Unlike Dynamo and company, whose looks have never changed, Craig made numerous ongoing changes to his Raven costume, tweaking and adjusting it with nearly every outing. When next he goes into action, it is because a psycho known as The Prophet, whose predictions of impending doom keep coming true…
The Prophet has a real premonition upon meeting The Raven, seeing his own death, a situation Prophet unknowingly causes by his own actions. Seldom working in tandem with his other super-counterparts, Raven even gets involved in street-level crime in ways that NoMan or Lightning never would (or, indeed, could) have.
Taking his new super-job as seriously as the others that came before it, Raven upgrades his arsenal as often as his costume, as well, adding additional weapons to better fight crime and corruption.
When actual aliens attack Washington DC, the T.H.U.N.D.E.R. Agent scramble into action to fight off a horde of giant mutated insects. With his usual aplomb and style, Raven swoops in to save the life of someone quite important…

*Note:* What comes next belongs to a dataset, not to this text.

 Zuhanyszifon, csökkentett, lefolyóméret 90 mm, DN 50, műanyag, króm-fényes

Some of you young folks don’t remember, so I’ll help you out. (Cue Rodrigo singing ‘A Flock of Seagulls.’) Before all those guys named Bush, there was a President known for his hair dye, his hatred of all things Commie, and his former starring roles with a chimpanzee. His name was Reagan, and showed up in comics as much as Mr. Obama does these days. Still, even saving Ronbo doesn’t stop the fact that there are people out there, bad people with unclean intentions… When an international criminal known only as Phoenicia starts messing with international oil prices, Raven somehow ends up in the midst of a dogfight with fighter planes!

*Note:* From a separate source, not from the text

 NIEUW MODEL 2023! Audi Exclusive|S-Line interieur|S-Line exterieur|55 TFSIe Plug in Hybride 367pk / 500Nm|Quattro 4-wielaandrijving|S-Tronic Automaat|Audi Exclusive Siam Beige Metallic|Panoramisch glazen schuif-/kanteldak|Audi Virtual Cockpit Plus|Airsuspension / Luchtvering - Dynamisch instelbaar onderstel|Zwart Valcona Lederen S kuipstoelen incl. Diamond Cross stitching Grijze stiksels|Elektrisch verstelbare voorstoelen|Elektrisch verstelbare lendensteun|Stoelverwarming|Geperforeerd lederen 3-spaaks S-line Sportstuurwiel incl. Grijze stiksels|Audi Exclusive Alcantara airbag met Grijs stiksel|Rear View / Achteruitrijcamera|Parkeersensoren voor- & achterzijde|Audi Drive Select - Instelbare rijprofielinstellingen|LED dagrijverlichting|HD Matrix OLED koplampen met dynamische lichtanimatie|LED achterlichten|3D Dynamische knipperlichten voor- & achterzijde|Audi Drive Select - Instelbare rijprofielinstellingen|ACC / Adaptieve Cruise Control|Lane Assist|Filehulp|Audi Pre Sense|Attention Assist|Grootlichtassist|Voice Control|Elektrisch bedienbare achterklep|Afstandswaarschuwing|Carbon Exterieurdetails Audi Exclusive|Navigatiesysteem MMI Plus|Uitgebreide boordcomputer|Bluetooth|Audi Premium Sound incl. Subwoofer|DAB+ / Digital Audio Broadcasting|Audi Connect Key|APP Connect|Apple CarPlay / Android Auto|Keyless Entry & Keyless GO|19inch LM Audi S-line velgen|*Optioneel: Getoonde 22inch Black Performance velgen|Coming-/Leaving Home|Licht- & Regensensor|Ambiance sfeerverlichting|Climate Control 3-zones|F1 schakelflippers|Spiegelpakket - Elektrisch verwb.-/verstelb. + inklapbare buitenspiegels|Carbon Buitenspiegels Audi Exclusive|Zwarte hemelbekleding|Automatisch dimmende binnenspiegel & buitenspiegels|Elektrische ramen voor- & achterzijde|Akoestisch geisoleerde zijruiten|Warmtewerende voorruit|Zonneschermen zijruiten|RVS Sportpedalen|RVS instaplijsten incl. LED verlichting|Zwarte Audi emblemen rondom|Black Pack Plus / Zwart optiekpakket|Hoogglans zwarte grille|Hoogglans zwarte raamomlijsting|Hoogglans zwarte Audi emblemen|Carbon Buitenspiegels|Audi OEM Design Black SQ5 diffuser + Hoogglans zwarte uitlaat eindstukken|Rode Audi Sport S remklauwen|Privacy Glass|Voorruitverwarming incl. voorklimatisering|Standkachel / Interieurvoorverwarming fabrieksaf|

Still, even when on the trail of criminal masterminds, Raven never forgets to have a little bit of fun with his new role…
More than any of his comrades, Craig Lawson knows what it’s like to be a man of mystery, a spy in the field, dealing with questions of who knows what, and who to trust. It’s a role he relishes, and one he fills well…
For all his bravado, though, Craig does have a bit of a dark side. Like certain other guys with animal names and claws, he finds his status of loner by design, though perhaps not always by choice, and his teammates don’t always agree with his methods, his attitude, or his candor.
Of all the Agents of T.H.U.N.D.E.R., Raven is the one who seems to rely the least on his special device, getting by as much on derring-do and sheer guts as anything. Even when his costume is stolen by a villain and used against him, Raven doesn’t flinch…
Years of high-wire and intelligence work have given Craig Lawson a core of steel, allowing him to to step up and take down a villain using his own hardware against him, defeating him with his wits and his bravery, and doing it all in his underwear.
Let’s see Bruce Wayne pull THAT off. Speaking of whom, as Raven’s activities with the Agents continue, he begins to develop an attitude that resembles a certain caped crusader, and a decidedly poetic bent…
Craig Lawson is a man of extremes, super-spy and superman, acrobat and avenger of the night, a man whose changes informed and defined his heroic activites and identity. Raven joined T.H.U.N.D.E.R. with the intent of gaining a buck, but found a role he could finally be proud ot. The high-flying agent, like Menthor before him, is a story about redemption, but more than that, Craig’s story is a story about a (more or less) average guy finding the not-so-average hero within. It takes a certain type of person to try and better themselves, to reinvent their persona into something better than just an average guy. With or without his flying apparatus, Craig Lawson’s life is about defying gravity, about thumbing your nose at the things that tie other, lesser men down. Agent Raven’s lesson is a simple one: Even a loner needs a place to belong.
**If you’ve enjoyed this Hero History, you might want to ‘Read All About It’ at your Local Major Spoilers! You can just click “Hero History” in the “What We Are Writing About” section on the main page, or click the handy link below for more T.H.U.N.D.E.R. goodness.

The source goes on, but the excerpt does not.